Your objective> Please restate word for word the lines of the entries below from the one with "最后走到2樓,主打展品正是1" to the one with "好日子與 Pinkoi 及", inclusive, and leave out every picture.

Supplied material>
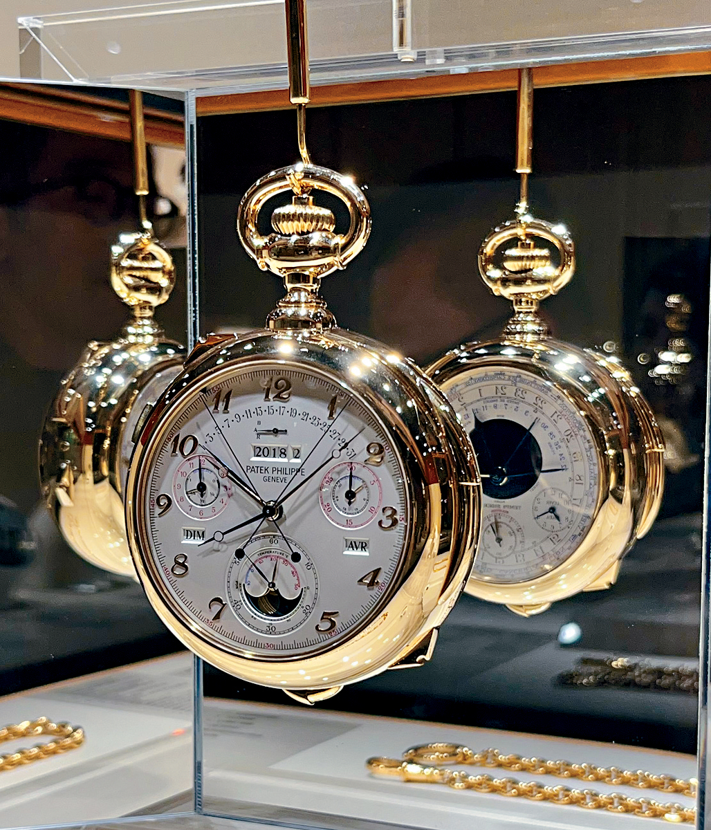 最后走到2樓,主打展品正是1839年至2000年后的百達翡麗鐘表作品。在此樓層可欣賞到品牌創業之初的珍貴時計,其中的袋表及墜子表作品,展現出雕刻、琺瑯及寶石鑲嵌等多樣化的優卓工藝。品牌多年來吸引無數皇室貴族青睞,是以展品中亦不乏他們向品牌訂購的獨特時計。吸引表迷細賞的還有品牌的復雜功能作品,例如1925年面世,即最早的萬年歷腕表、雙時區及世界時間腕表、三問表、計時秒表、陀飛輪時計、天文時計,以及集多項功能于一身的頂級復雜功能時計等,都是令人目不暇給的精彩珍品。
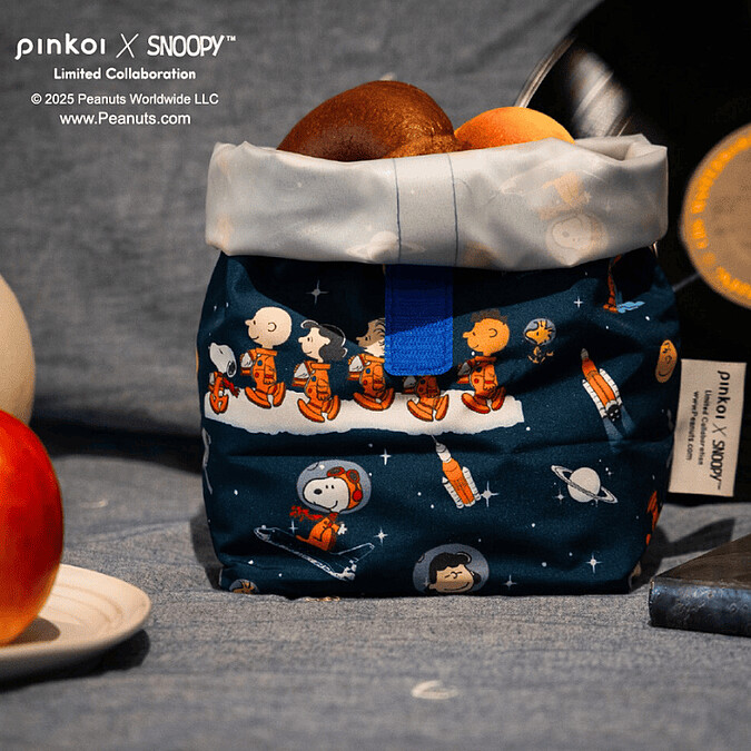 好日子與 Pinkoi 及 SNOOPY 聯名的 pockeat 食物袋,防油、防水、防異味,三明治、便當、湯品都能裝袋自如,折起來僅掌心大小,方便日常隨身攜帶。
==
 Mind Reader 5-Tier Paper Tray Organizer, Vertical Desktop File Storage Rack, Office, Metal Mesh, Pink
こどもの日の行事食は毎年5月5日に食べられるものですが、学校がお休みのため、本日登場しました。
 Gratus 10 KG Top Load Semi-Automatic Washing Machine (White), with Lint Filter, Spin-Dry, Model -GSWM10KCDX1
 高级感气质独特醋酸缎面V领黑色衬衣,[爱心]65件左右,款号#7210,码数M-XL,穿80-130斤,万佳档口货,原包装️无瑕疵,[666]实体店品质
--
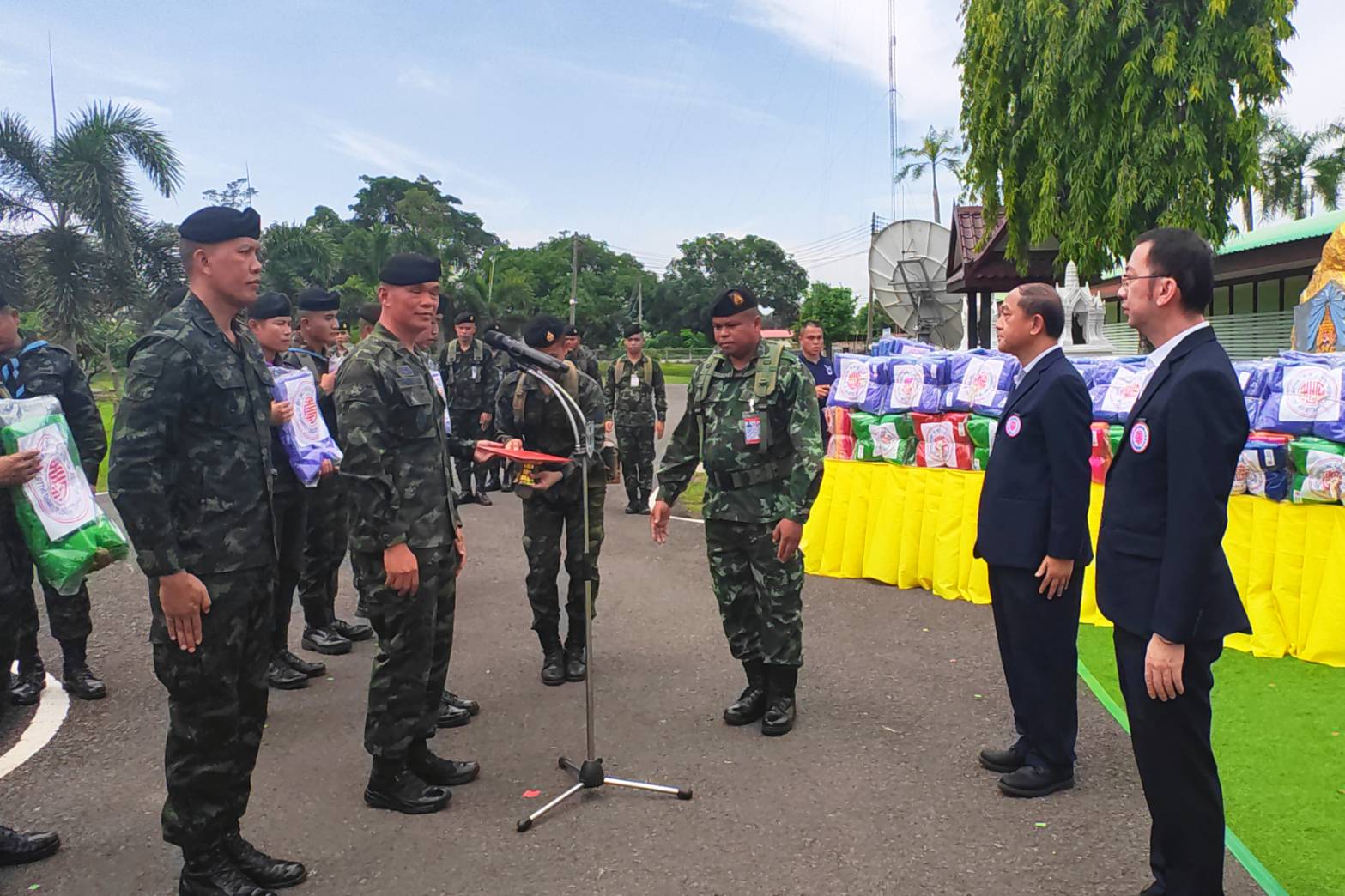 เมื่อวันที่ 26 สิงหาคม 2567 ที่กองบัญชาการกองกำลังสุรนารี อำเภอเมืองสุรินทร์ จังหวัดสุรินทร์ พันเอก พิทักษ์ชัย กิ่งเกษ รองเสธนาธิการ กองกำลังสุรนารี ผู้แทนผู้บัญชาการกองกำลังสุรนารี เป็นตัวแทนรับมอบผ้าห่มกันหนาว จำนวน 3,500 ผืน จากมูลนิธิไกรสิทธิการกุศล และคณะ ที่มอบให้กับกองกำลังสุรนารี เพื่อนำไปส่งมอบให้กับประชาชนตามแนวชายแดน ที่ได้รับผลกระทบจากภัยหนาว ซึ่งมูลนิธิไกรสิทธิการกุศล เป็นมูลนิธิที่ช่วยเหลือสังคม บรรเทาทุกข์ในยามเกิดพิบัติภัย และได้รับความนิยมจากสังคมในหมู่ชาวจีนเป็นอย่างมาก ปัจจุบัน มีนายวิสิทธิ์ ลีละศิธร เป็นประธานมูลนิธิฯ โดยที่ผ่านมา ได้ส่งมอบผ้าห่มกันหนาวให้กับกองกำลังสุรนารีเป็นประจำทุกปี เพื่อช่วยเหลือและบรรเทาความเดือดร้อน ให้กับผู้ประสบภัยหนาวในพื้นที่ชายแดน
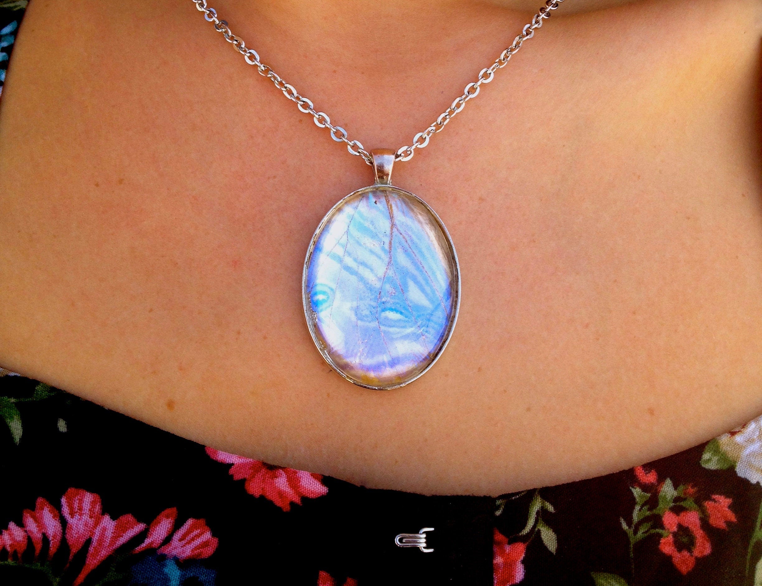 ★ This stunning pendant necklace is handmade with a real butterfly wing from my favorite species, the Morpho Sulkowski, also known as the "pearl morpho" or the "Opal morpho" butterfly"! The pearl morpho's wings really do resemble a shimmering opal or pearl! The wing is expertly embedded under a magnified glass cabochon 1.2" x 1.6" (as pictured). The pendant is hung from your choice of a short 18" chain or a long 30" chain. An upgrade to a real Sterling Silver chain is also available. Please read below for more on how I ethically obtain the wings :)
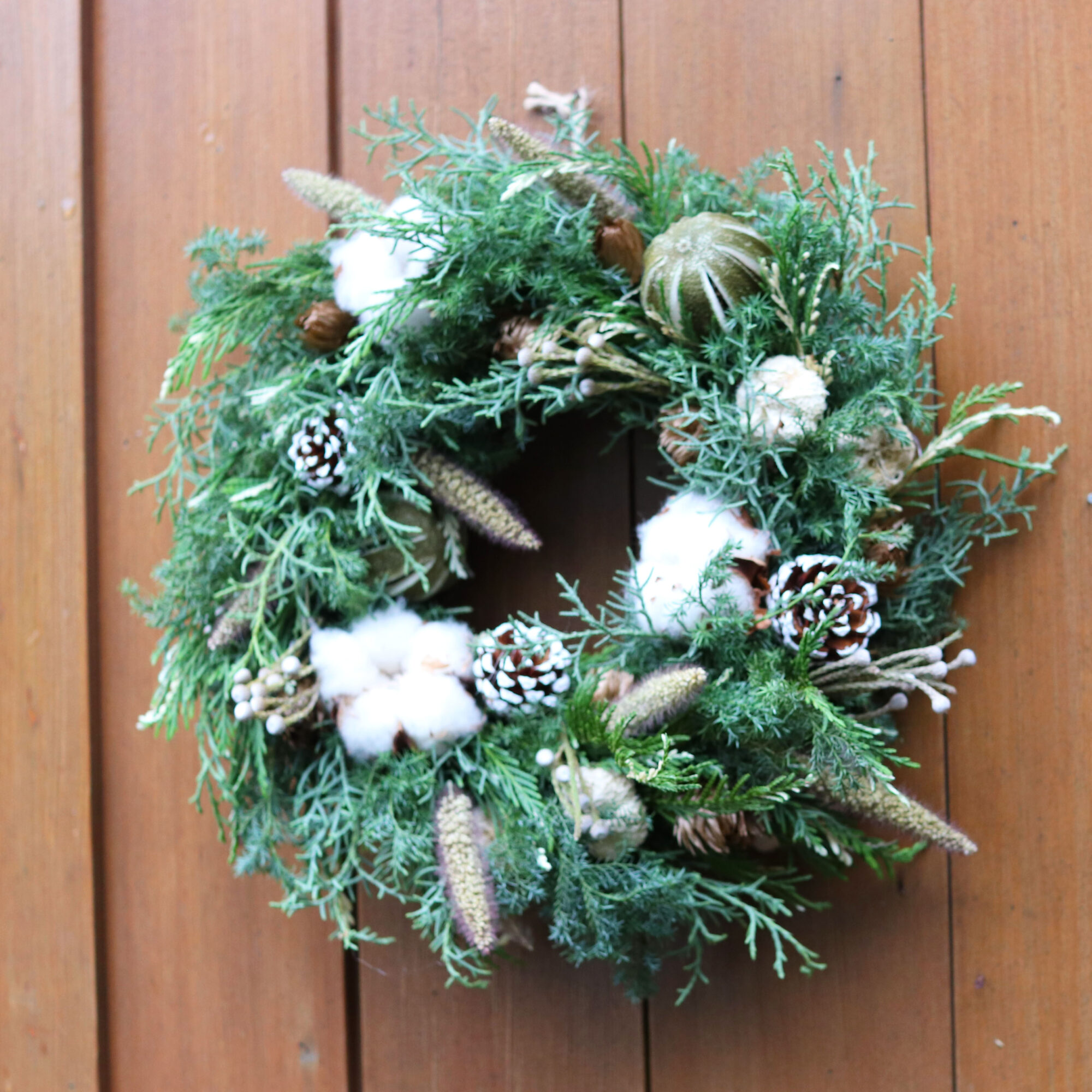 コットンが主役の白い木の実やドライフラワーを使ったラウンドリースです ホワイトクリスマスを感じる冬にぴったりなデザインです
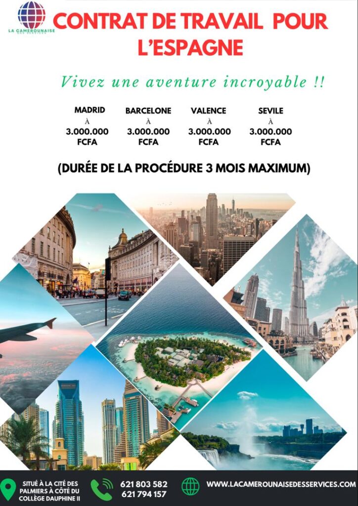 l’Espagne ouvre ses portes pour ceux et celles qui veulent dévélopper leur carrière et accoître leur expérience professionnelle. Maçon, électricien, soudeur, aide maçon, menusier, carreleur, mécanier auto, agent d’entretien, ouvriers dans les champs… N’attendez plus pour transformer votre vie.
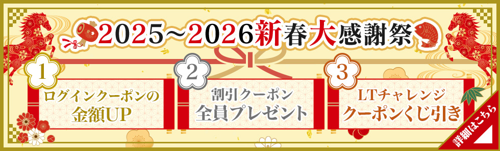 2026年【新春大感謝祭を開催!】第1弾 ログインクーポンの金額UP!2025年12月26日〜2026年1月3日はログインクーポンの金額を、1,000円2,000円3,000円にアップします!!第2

Exercise answer>
 最后走到2樓,主打展品正是1839年至2000年后的百達翡麗鐘表作品。在此樓層可欣賞到品牌創業之初的珍貴時計,其中的袋表及墜子表作品,展現出雕刻、琺瑯及寶石鑲嵌等多樣化的優卓工藝。品牌多年來吸引無數皇室貴族青睞,是以展品中亦不乏他們向品牌訂購的獨特時計。吸引表迷細賞的還有品牌的復雜功能作品,例如1925年面世,即最早的萬年歷腕表、雙時區及世界時間腕表、三問表、計時秒表、陀飛輪時計、天文時計,以及集多項功能于一身的頂級復雜功能時計等,都是令人目不暇給的精彩珍品。
 好日子與 Pinkoi 及 SNOOPY 聯名的 pockeat 食物袋,防油、防水、防異味,三明治、便當、湯品都能裝袋自如,折起來僅掌心大小,方便日常隨身攜帶。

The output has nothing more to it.